Zeigen Sie ihnen Ihr strahlendes Weiß, nicken Sie und tun Sie so, als würden Sie ihre Weisheit in die Tiefen Ihres Herzens tragen. Dann, ein paar Minuten später, kämpfte Resting Bitch Face um den Sieg.

2. „Möchten Sie sie einen Tag lang einnehmen?“

Ich präsentiere dies mit einem gesunden Sinn für Humor. Aber die Wahrheit ist mir nicht entgangen: Niemand kann wirklich wissen, wie man sein Kind erzieht, es sei denn, er hat es jeden Tag rund um die Uhr erzogen. Fall abgeschlossen.

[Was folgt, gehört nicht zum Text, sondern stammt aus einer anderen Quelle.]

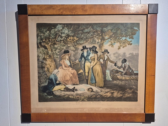 Mahogni skærm, med broderi, højde 118 cm., sen empire.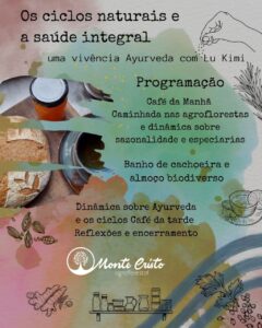 O encontro é um convite para nos conectar com os ciclos da natureza dentro e fora de nós, através de experiências sensoriais, momentos de aprofundamento e dinâmicas autênticas pela paisagem viva da Monte Cristo Agroflorestal.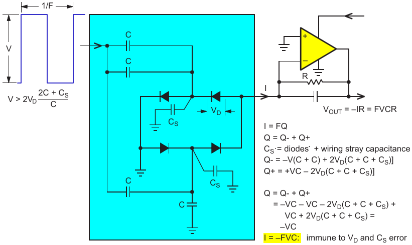 Figure 1. Precision charge pump closes feedback loop to make "crude V→F" accurate from "Designs for High Performance Voltage-to-Frequency Converters"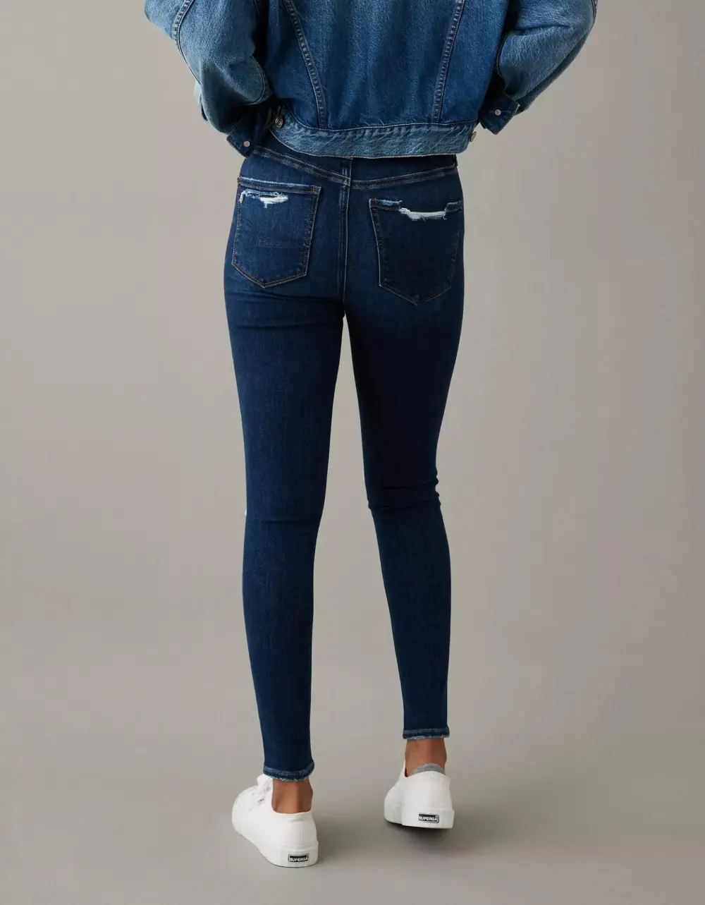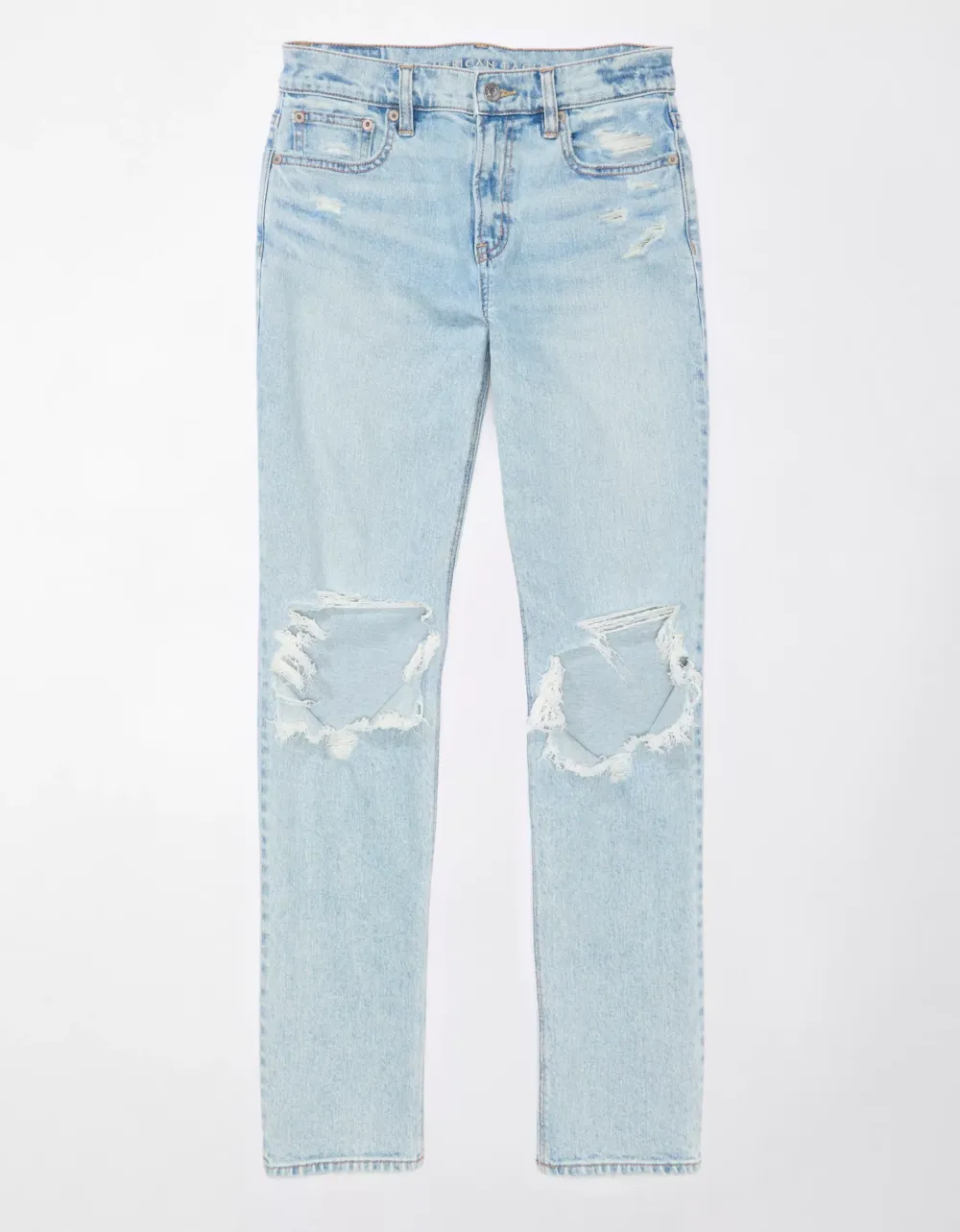 Stretch Super High-Waisted Ripped Ankle Straight Jean

3. Wechseln Sie den Betreff.

Sogar die aktuellen politischen Kampagnen wären ein willkommeneres Thema als der Versuch, meiner verrückten Tante zu erklären, warum mein 3-Jähriger noch nicht aufs Töpfchen geht.

4. „Wow, so habe ich das nie gesehen.“

Oder: „Oh mein Gott, du hast mich wirklich aufgeklärt. Ich hätte nie gedacht, dass ich meinem Kind nur fünf Minuten eine Auszeit gönnen müsste und es dann für den Rest der Ewigkeit jeden Tag genau das tun würde, was ich sage.“

5. Spielen Sie die Karte „Na ja, alle Kinder sind anders“ aus.

„Ich bin so froh, dass der kleine Johnny keine Probleme hatte, sein Gemüse zu essen, nachdem Sie es in Form eines Clowngesichts arrangiert hatten. Es ist schade, dass mein Kind das Clowngesicht durch den Raum geworfen hat und dann nie wieder Brokkoli, Karotten oder rote Paprika angerührt hat.“

6. „Mein Arzt empfiehlt uns, es so zu machen.“

Das gefällt mir, weil Sie jetzt eine Autoritätsperson haben, die die Leute normalerweise respektieren und der sie glauben. Natürlich muss es nicht wirklich wahr sein, dass Ihr Arzt es gesagt hat, aber es bringt die Leute normalerweise zum Schweigen.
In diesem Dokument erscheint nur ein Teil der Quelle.